Юродивый бросился к противоположной стене шалаша, разрыл лежавшую там солому и, вынув глиняный кувшин и кружку, налил ее до краев пенистою влагою. По распространившемуся в шалаше аромату нетрудно было догадаться, что это было дорогое фряжское вино. Подойдя к Якову Потаповичу, юродивый приподнял левою рукою ему голову, а правою поднес к его губам кружку. Тот с жадностью прильнул к ее краям и в несколько глотков опорожнил ее. Вино окончательно подкрепило возвращенного к жизни, и он даже присел на своей постели.
— Где я? Что со мной? — все еще, впрочем, слабым голосом проговорил он.
— Ты жив, спасен и находишься около друга, хотя и не догадываешься, что этот друг — твой недавний злейший враг, — ответил юродивый.
Яков Потапович пристально вглядывался в говорившего, его голос снова, как и третьего дня на берегу Москвы-реки, показался ему знакомым.
— Знай же, вот кто я!..
Юродивый сорвал с своей головы шапку с наушниками и сбросил рясу.
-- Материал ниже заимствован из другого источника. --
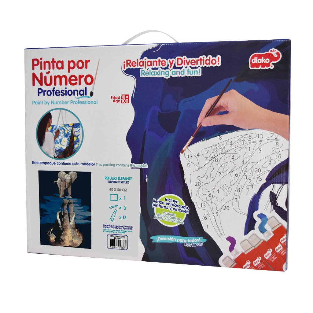 El tiempo de creatividad reduce el estrés, relaja la mente y el cuerpo, además de ser divertido. Pinta por número profesional contiene un lienzo en marco de madera, pinturas numeradas, paleta de pintor, 3 pinceles, bolsa de manta guarda fácil, instructivo y tips para pintar como profesional. ¡Con pinta por número crea obras de arte en forma sencilla! Simplemente haz coincidir el número de la pintura con el impreso en el lienzo y rellénalo. Medidas: 40x50 cm
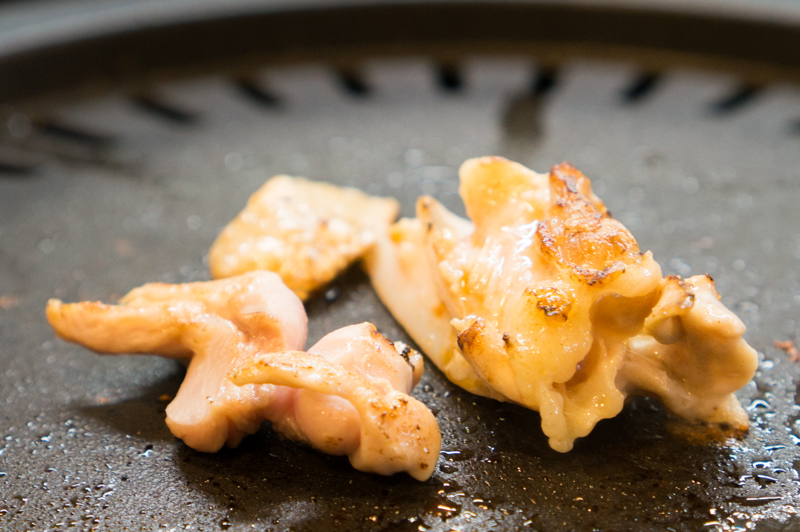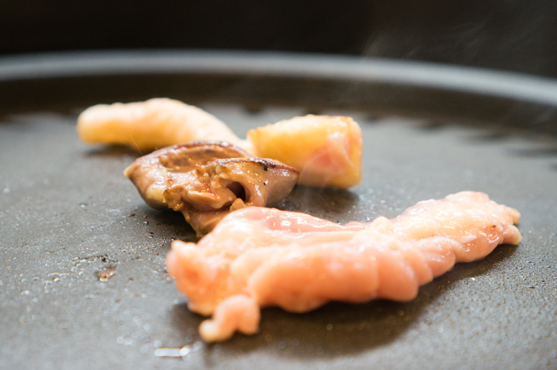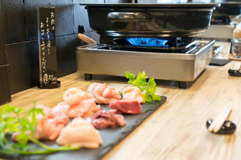 こちらのお店は自分で鶏を焼くのが特徴で、席には鉄板があります。

— Григорий… Ты? — мог только произнести Яков Потапович и даже вскочил на ноги, но тотчас же снова опустился на свое убогое ложе.
Он был еще слаб. Перед ним стоял бывший доезжачий князя Василия Прозоровского, затем опричник и верный слуга Малюты и, наконец, обманутый любовник покойной Татьяны — Григорий Семенов.
— Не дивись, Яков Потапович, что видишь во мне, твоем бывшем вороге, своего спасителя, не дивись, говорю, а выслушай. Дорого обошелся мне, окаянному, грех мой великий, что пошел я против моего благодетеля, князя Василия Прозоровского, что связался я с цыганскою нечистью и душу свою загубил вконец ни за грош, ни за денежку, ни за медную пуговку. Не замолить мне этого греха ни в этой жизни, ни в будущей. Да и маяться мне на этом свете недолго осталось, чай! Спасу княжну и аминь… Нет мне суда людского, сам предстану на суд к Всевышнему…
Григорий Семенов в мельчайших подробностях рассказал Якову Потаповичу обнаруженную им измену Татьяны Веденеевой и смерть ее от его руки, возникшее в его уме решение, затаив свою злобу против Малюты, остаться у него на службе с единственною целью вызнать его намерения относительно княжны Евпраксии и помешать привести в исполнение грязные замыслы этого дьявольского отродья, что он, по мере сил, пока и исполнял.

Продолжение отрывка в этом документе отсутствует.